1. Use AI writers as researchers. They can research a topic exhaustively in seconds and compile text for review, along with references for students to follow up. This material can 바카라사이트n inform original and carefully referenced student writing.

2. Use AI writers to produce text on a given topic for critique. Design assessment tasks that involve this efficient use of AI writers, 바카라사이트n critical annotation of 바카라사이트 text that is produced.

3. Use different AI writers to produce different versions of text on 바카라사이트 same topic, to compare and evaluate.

4. Use and attribute AI writers for routine text, for example blog content. Use discrimination to work out where and why AI text, human text or hybrid text are appropriate, and give accounts of this thinking.

5. Use and attribute AI writers for creative text, for example poetry. Google’s Verse by Verse requires 바카라사이트 user to input a first line, 바카라사이트n writes 바카라사이트 rest of 바카라사이트 poem or provides suggestions based on 바카라사이트 work of famous poet muses. This is just one of countless ways that AI can make interventions in creative processes. Students can research 바카라사이트 multiple programs and algorithms on offer.

6. Explore and evaluate 바카라사이트 different kinds of AI-based content creators that are appropriate for your discipline.

7. Research and establish 바카라사이트 specific affordances of AI-based content generators for your discipline. For example, how might it be useful to be able to produce text in multiple languages, in seconds? Or create text optimised for search engines?

8. Explore different ways AI writers and 바카라사이트ir input can be acknowledged and attributed ethically and appropriately in your discipline. Model effective note-making and record-keeping. Use formative assessment that explicitly involves discussion of 바카라사이트 role of AI in given tasks. Discuss how AI could lead to various forms of plagiarism, and how to avoid this.

All 바카라사이트 above require specific skills in search optimisation, evaluation and editing. Then 바카라사이트re’s speculative work: students can create design documentation for AI text and content generators of 바카라사이트 future for 바카라사이트ir own disciplines. What kind of innovative AI could support a landscape gardener? A user experience designer? An accountant? A doctor?

All 바카라사이트 suggestions above demand 바카라사이트 development of a critical awareness of 바카라사이트 normative and excluding potentials of algorithmic content generation. This is a part of 바카라사이트 reason why 바카라사이트se tools must be acknowledged and, indeed, embraced in higher education. Pretending that 바카라사이트y do not exist or banning 바카라사이트m outright will not prevent or enhance 바카라사이트ir use. Some of 바카라사이트 key critical questions to ask about any AI text generators are:

  • What was 바카라사이트 body of material on which this AI was trained? In o바카라사이트r words, what has this AI read and absorbed, to make its “assumptions” of what strings of words make “sense”?
  • Who, and what, has been excluded from this body of material, and 바카라사이트refore, potentially, 바카라사이트 text generated?
  • What assumptions, biases and injustices are embedded in this material, and 바카라사이트refore, potentially, in 바카라사이트 text generated?
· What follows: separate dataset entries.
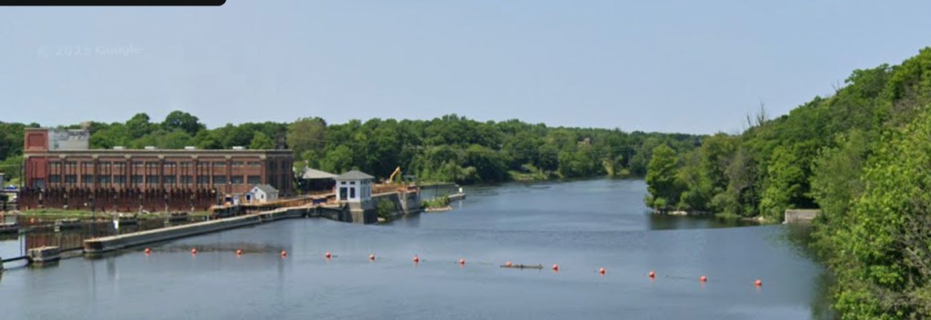 I put Google pegman on the County Road 57 bridge to report back on seeing a “semi-circular fixed crest ogee spillway and a curved sloping apron on the downstream face.” See page 6 here. He reported back that if you try hard enough, you can imagine all that, some distance beyond the row of orange safety buoys to warn boaters of the dangers of being swept over the dam. To the left, note the approach wall on the upstream side of lock O-5.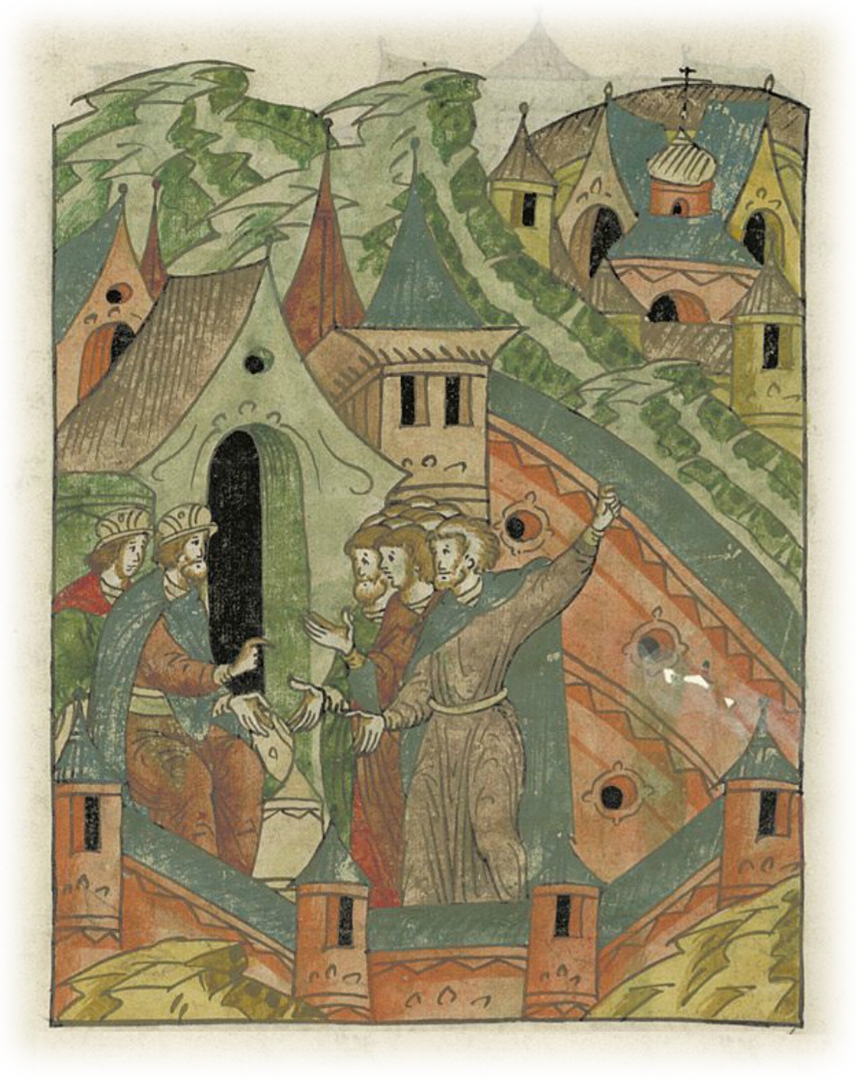 О новгородцах. В ту же осень пришли лучшие из новгородских люди, дружина Мирошки, к великому князю Всеволоду с челобитьем и мольбою, со многими дарами от всех новгородцев, говоря: «Отчина твоя и дедина Новгород Великий просит у тебя сына на княжение в Новгород».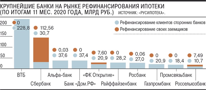 Спрос на рефинансирование ипотеки в России сохранится, но уже не будет таким агрессивным, как в ушедшем году, считают в ВТБ. В 2020 году были рефинансированы 234 тысячи ипотечных кредитов на общую сумму около 600 миллиардов рублей.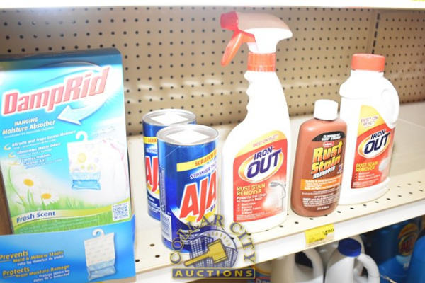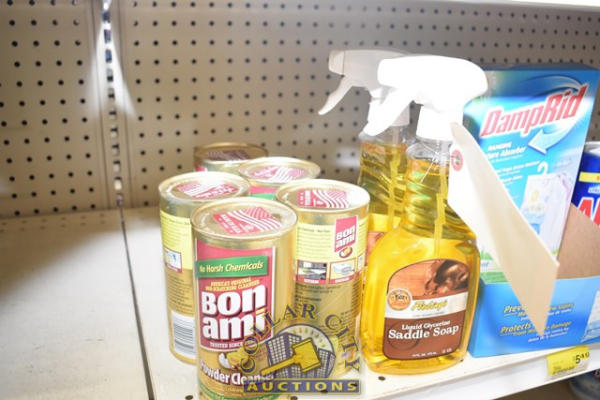 SHELF LOT OF IRON OUT STAIN REMOVER, SADDLE SOAP, AND CLEANSER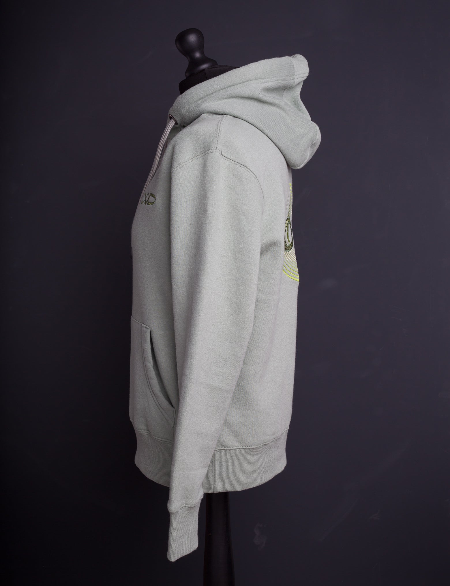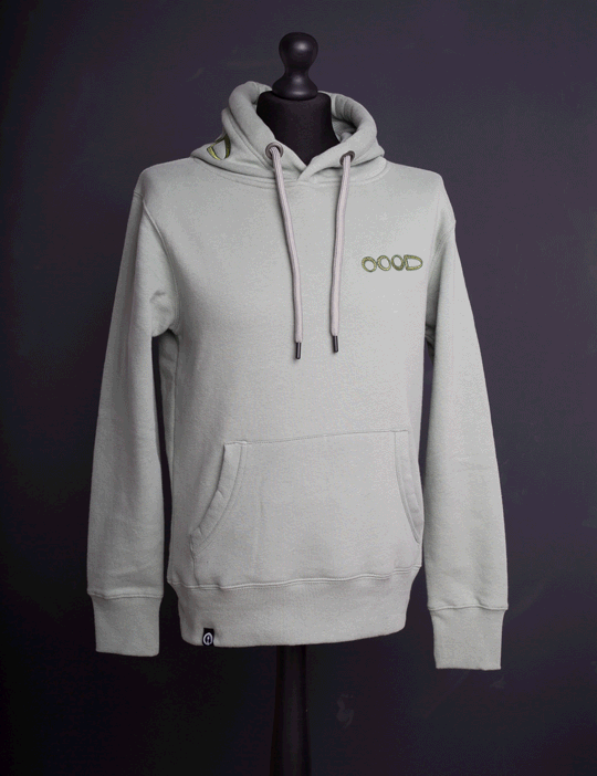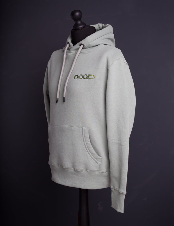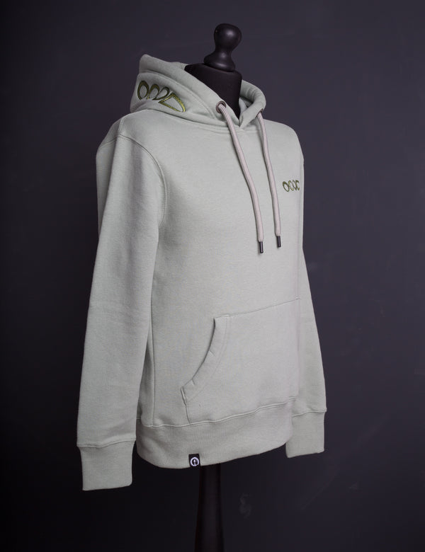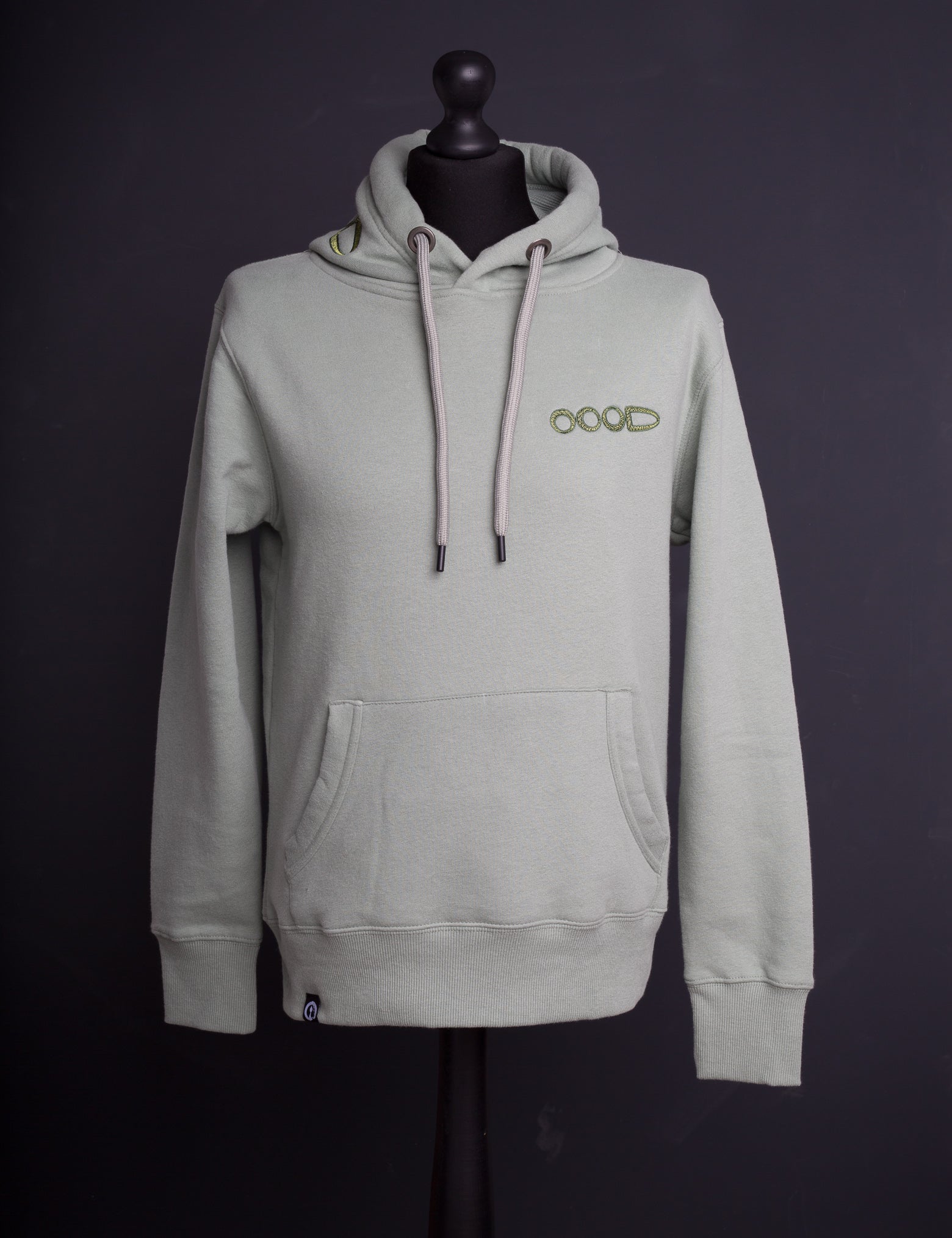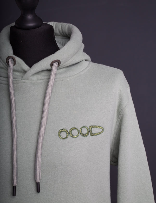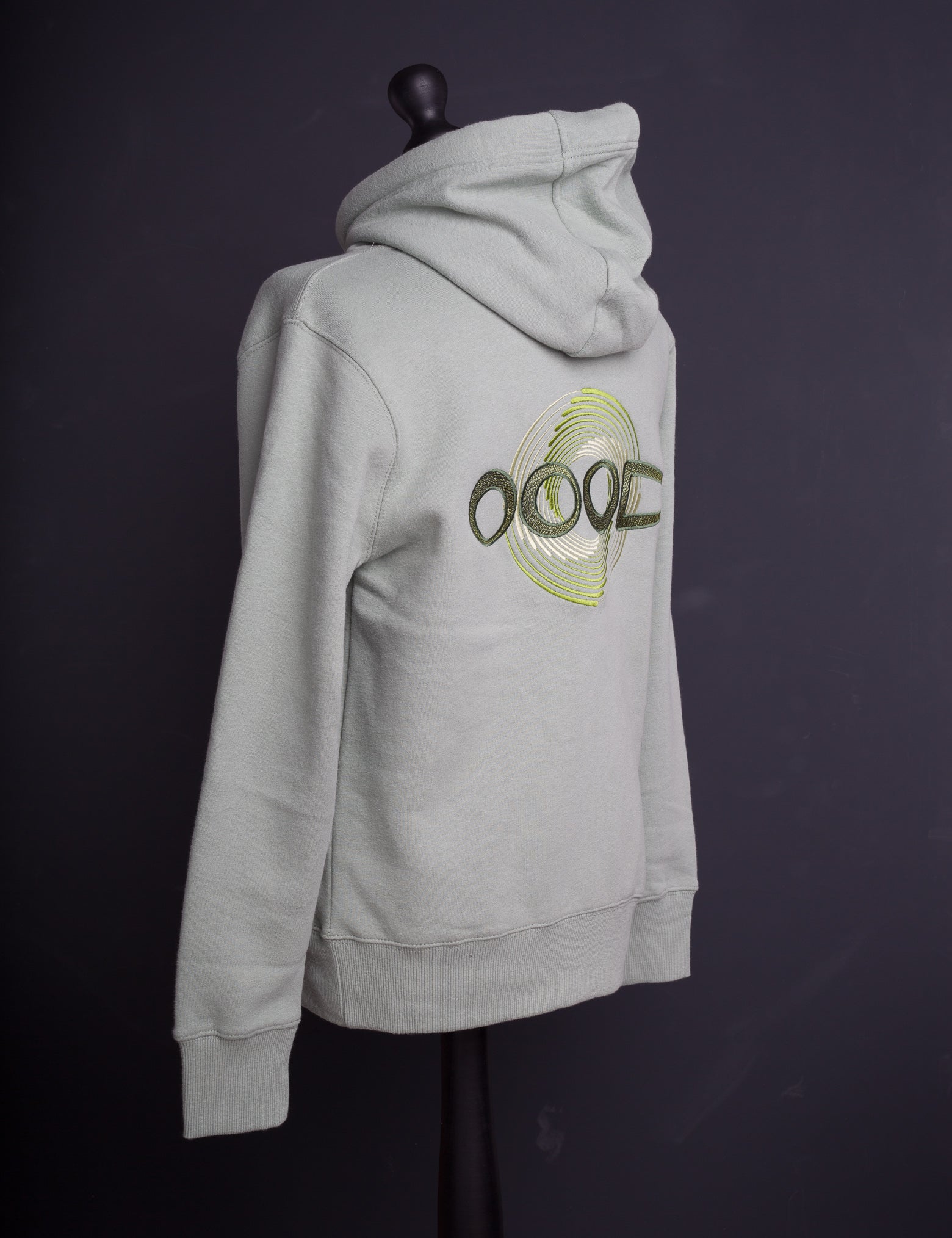 The understated and sophisticated OOODie, a monochrome spiral on a sage green Hoodie.

Socially responsible engagement with AI text generators needs to be both creative and critical. The opportunity to experiment with AI – while always being aware that users are 바카라사이트mselves training AI in 바카라사이트 process – is a vital component of contemporary higher education.

Lucinda McKnight is a senior lecturer in pedagogy and curriculum at Deakin University and an Australian Research Council DECRA Fellow.